Commenti (8) a «Lettera aperta al Prof. Pellegrino Capaldo»

  1. utente anonimo ha detto:

    Inoltre, alcuni quesiti sorgono spontanei:

    1. tassa sugli immobili perché si è scelto di paragonare il debito pubblico al patrimonio immobiliare del paese, ma perché gli immobili?

    2. le prime case? Tassiamo le prime case che non sono un reddito ma una spesa nel bilancio familiare? E naturalmente gli immobili societari, essendo strumento, risulterà esente, immagino…

    3. ma una seria lotta all'evasione no? Secondo me si azzererebbe il deficit…

    V.

    PS: c'è qualche refuso:

    "Ho letto quanto a scritto con" -> "Ho letto quanto ha scritto con"

    "risultato di un sistema corrotto e disonesto delle risorse pubbliche" -> "risultato di un sistema corrotto e disonesto di gestione delle risorse pubbliche"

    "consulenza al comiuge o a un parente stretto" -> "consulenza al coniuge o a un parente stretto"

    Ovviamente dopo la revisione del post puoi eliminare questo PS.

  2. Dario de Judicibus ha detto:

    @V. Grazie per le correzioni. Concordo con i tuoi commenti al 100%.

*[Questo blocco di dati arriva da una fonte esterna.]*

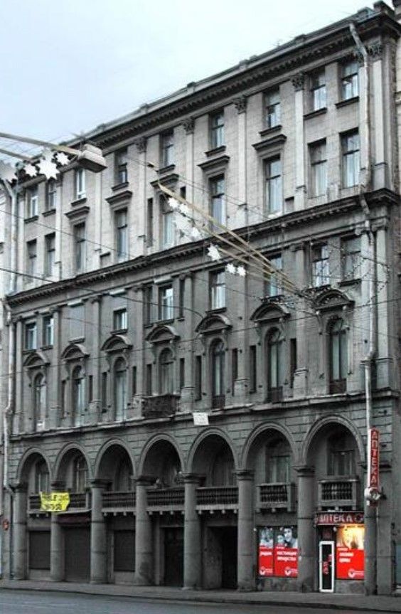 Объемно-пространственное решение:габариты и конфигурация в плане (замкнутое каре) 6-7-этажного здания, включая воротный проезд с плоским конфигурация (скатная) и габариты крыши, включая местоположение, габариты, конфигурацию, материал мансардного этажа, слуховых окон и дымовых труб.Конструктивная система здания:фундамент ленточный бутовый (местоположение, габариты, конфигурация, материал);наружные и внутренние капитальные стены (местоположение, вид материала – кирпич), лестницы и лестничные клетки;воротный проезд – местоположение, габариты, конфигурация (прямоугольная);междуэтажные перекрытия (для помещений с архитектурно-художественной отделкой);отметки междуэтажных перекрытий (для помещений без архитектурно-художественной отделки);парадная лестница – местоположение (со стороны ул. Куйбышева), на металлических косоурах; тип – двухмаршевая; ступени лещадной плиты с валиком; материал (дерево) и профиль поручня, ограждение в виде прямых металлических стоек;лестницы дворовых корпусов:лестничные марши на косоурах, тип – двухмаршевые; ступени лещадной плиты с валиком; материал (дерево) и профиль поручней, ограждение в виде прямых металлических стоек;Архитектурно-художественное решениефасадов:архитектурно-декоративная композиция в стилистике неоклассицизма;лицевой фасад:материал и характер фасадной поверхности: терразитовая штукатурка, имитирующая гранит, рустовка под квадры камня;оконные и дверные проемы –местоположение, габариты, конфигурация (прямоугольный дверной проем;оконные проемы:- прямоугольные витринного типа в уровне 1 этажа с возможностью устройства в них дверных проемов;- полуциркульные широкие в уровне 2-го этажа по трем центральным осям фасада;- прямоугольные с лучковой перемычкой в уровне 2 этажа;- прямоугольные с полуциркульной перемычкой в уровне 3 этажа (с двумя вертикальными прямоугольными проемами по сторонам, кроме крайних оконных проемов);- прямоугольные в уровне 4-6 этажей (с двумя вертикальными прямоугольными проемами по сторонам по центральной световой оси в уровне 4 и 5 этажей);входные двери со стороны улицы – деревянные, филенчатые, двусветлые, три верхние филенки остекленные, нижняя - профилированная*;* утрачены;историческая расстекловка оконных проёмов – материал (дерево), рисунок, цвет (коричневый);аркада на трехчетвертных колоннах стилизованного тосканского ордера;штукатурные профилированные архивольты, оформляющие арки;три лоджии по центральной оси фасада, расположенные в аркаде, с полуциркульными проемами в них, с ограждением в виде балясин;пилястры с элементами стилизованного ионического ордера, объединяющие третий – четвертый, и коринфского – пятый и шестой этажи;междуэтажные карнизы третьего и пятого этажей;венчающий профилированный карниз стилизованных кронштейнах с поясом иоников;французские балконы второго этажа, расположенные с двух сторон в двух крайних осях – местоположение, габариты, конфигурация; ограждение балконов в виде балясин;французские балконы 3-го и 5-го этажей – местоположение, габариты, конфигурация; ограждение балконов в виде балясин; утрачены;французский балкон по центральной оси третьего этажа, с ограждением по паре балясин по сторонам и центральным глухим с горельефным изображением мифологической сцены;оформление оконных проемов – лучковы

  3. utente anonimo ha detto:

    Ben detto! Leonardo Facco

  4. utente anonimo ha detto:

    Bisogna ammettere che quello che i professori Capaldo e Giulano Amato  dicono e scrivono  supera di molto la mia fantasia. In pratica dopo decenni   che sono pagati  per fare danni  ,adesso  ci dicono che quasi  quasi la colpa e' nostra ,normali cittadini, e dobbiamo pagare i debiti.

    Io accetto la sfida e risponderi ,va bene i cittadini  pagano non il 25 % del debito  il 100% del debito in 3 anni  a condizione che tutti  i politici in carica e il loro predecessori e il loro famigliari  siano interdetti  dagli uffici a vita.

    Azzeriamo tutti i partiti  incluso  uffici ,immobili  ( tanto come dicono loro  se i debiti sono nostri  anche gli assets lo saranno). Ricominciamo  con un massimo di 100, 150  parlamentari  senza partito ,persone serie che vadano casa per casa a guadagnarsi il voto  con un turno solo di legislatura.

    In quasto caso  mi assumo  non solo la mia parte di debito  anche quella di qualcun altro

  5. Dario de Judicibus ha detto:

    @anonimo #4   Bella proposta… da rifinire un tantinello ma si potrebbe davvero buttar giù in modo serio: una sorta di patto sociale, ovvero, noi azzeriamo il debito e l'intero comparto dell apolitica viene azzerato, compresi i pertiti e tutti i loro beni… mi piace.

  6. utente anonimo ha detto:

    Non male… 🙂

    V.

  7. utente anonimo ha detto:

    OK, i politi ci li incastriamo alle loro responsabilità cosi', ma i grandi poteri che giocano sulla pelle dei comuni mortali chiamandoli anche "parco buoi" come contribuiscono?

  8. Dario de Judicibus ha detto:

    Beh, molti di quei poteri, senza referenti politici, non funzionano. pensa solo alle lobby: sono strapotenti ma le leggi le devono comunque proporre dei parlamentari. Se la politica si ripulisce, non dico che il Paese cambia completamente, ma siamo sulla buona strada.